Granted, List.map seems to be twice as fast, but it's also been the subject of more scrutiny than the above fun exercise.

### Summary #

In Functional Programming, recursive functions take the place of imperative loops. In order to be efficient, they must be tail recursive.

You can make a function tail recursive by introducing an accumulator argument to an 'implementation function'. This also tends to put you in a position where you can ultimately refactor the implementation to use a fold instead of explicit recursion.

## Comments

I verified the behavior you showed for

`mapTailRecursiveUsingDifferenceList`

and`mapUsingFold`

: when executed in the F# Interactive window, both functions have the correct behavior. I further verified that both functions have the same correct behavior when executed as a unit test compiled in`RELEASE`

mode. However, when executed as a unit test compiled in`DEBUG`

mode, both tests fail (technically aborted when using XUnit) because each overflows the stack. In contrast,`List.map`

has the correct behavior in all three situations.I haven't tested the same in Haskell. I don't even know if Haskell has complication modes like

`DEBUG`

and`RELEASE`

.Do you know how to implement

`map`

for`list`

in F# so that it does not stack overflow the stack even when executed in`DEBUG`

mode? Of course your function`mapTailRecursiveUsingRev`

achieves that goal. The problem that I actually want to solve is figure out how to implement`map`

for the type`'a -> 'b`

as a (covariant) functor in`'b`

in such a way that the stack does not overflow. See this issue for more details. I am thinking that seeing such a`map`

function implemented for`list`

without using`List.rev`

will help me figure out how to correctly implement this for the type`'a -> 'b`

as a (covariant) functor in`'b`

.Oh, that code partially answers my question. First, that is legacy code now. The current version is hosted in the dotnet/fsharp repository. Then

`List.map`

delegates to`Microsoft.FSharp.Primitives.Basics.List.map`

, which, by way of`mapToFreshConsTail`

calls the impure function`setFreshConsTail`

that is allowed to mutate the tail pointer of a cons cell.`List.map`

is "twice as fast" because it does "half as much work".`mapUsingFold`

calls`List.fold`

, which executes in linear time, to essentially compute the elements that will be in the final list.
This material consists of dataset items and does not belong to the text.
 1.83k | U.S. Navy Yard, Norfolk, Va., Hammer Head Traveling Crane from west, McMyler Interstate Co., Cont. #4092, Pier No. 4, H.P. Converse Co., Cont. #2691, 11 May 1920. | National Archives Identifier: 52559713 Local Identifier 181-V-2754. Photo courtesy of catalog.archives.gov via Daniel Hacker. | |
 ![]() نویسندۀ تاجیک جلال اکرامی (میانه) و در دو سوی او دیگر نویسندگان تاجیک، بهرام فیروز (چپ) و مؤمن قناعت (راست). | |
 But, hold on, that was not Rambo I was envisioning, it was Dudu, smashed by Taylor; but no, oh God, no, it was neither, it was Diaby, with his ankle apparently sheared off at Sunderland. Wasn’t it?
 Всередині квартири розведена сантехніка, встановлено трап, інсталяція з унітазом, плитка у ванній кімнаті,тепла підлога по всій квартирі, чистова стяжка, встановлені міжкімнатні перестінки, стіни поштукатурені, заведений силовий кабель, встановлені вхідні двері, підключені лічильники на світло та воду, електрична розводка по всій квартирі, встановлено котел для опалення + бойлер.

Then it calls`mapImp`

, which also executes in linear time, to construct that final list. In contrast,`List.map`

does both of those in one pass with its ability to mutate the tail pointer of a cons cell.I wonder if I can use mutability in a similarly pure way to achieve my goal.

**Goes away to think**To avoid overflowing the stack, it is a necessary condition that all recursive calls are tail calls. However, this is not sufficient. In

`mapTailRecursiveUsingDifferenceList`

, it is crucial (at least in F#) that the function composition`acc << (cons (f h))`

(which I prefer to write as`(cons (f h)) >> acc`

) happened in that order. If John Hughes had designed the code differently so that the composition was`acc >> (cons (f h))`

(which, as you demonstrated, would be the correct output if only this change were made except with the order reversed), then the stack would still overflow even though all recursive fucntions only involve tail calls. See this comment for more information.I figured out how to use the difference list technique to avoid overflowing the stack when composing on the right. See this comment. I wonder if my implementation can be simplified. This problem of avoiding stack overflows when composing on the right has to be a standard problem with a well-known answer.
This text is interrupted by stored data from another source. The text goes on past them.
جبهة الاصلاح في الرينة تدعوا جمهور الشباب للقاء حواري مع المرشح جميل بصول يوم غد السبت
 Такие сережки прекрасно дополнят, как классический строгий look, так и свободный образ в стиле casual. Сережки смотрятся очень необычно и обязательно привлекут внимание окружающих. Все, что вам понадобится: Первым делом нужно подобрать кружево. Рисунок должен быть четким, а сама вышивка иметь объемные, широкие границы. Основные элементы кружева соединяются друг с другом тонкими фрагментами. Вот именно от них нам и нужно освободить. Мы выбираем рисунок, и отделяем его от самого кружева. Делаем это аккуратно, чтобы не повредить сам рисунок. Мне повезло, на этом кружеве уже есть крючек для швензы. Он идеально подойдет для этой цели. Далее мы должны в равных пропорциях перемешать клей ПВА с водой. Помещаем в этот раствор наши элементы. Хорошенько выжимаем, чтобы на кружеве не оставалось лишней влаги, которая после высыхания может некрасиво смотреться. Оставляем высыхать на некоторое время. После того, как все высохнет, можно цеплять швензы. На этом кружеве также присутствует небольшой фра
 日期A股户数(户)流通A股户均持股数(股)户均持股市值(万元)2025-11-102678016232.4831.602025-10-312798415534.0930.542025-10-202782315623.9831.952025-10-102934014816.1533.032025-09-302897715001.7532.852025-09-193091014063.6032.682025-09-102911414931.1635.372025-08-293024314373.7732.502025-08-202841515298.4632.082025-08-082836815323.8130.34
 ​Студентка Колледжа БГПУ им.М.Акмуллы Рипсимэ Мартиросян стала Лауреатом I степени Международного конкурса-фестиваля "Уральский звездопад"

Thanks for being a great place for me to share this partial stream of consciousness that I have had over the last couple days.

P.S. You can simplify

`mapTailRecursiveUsingDifferenceList`

a bit. The local function`mapImp`

is always given the same value of`f`

. Therefore, this arguemnt can be removed (since the same`f`

is also in scope). The resulting code does not overflow the stack (which, again, is a stronger statement than staying that all recursive calls in`mapImp`

are tail calls). You essentially made this simplification when you implemented`mapUsingFold`

.Tyson, thank you for writing. I have to admit that I've now lost track... Did you manage to unravel all you wanted to know by yourself, or is there still a question left?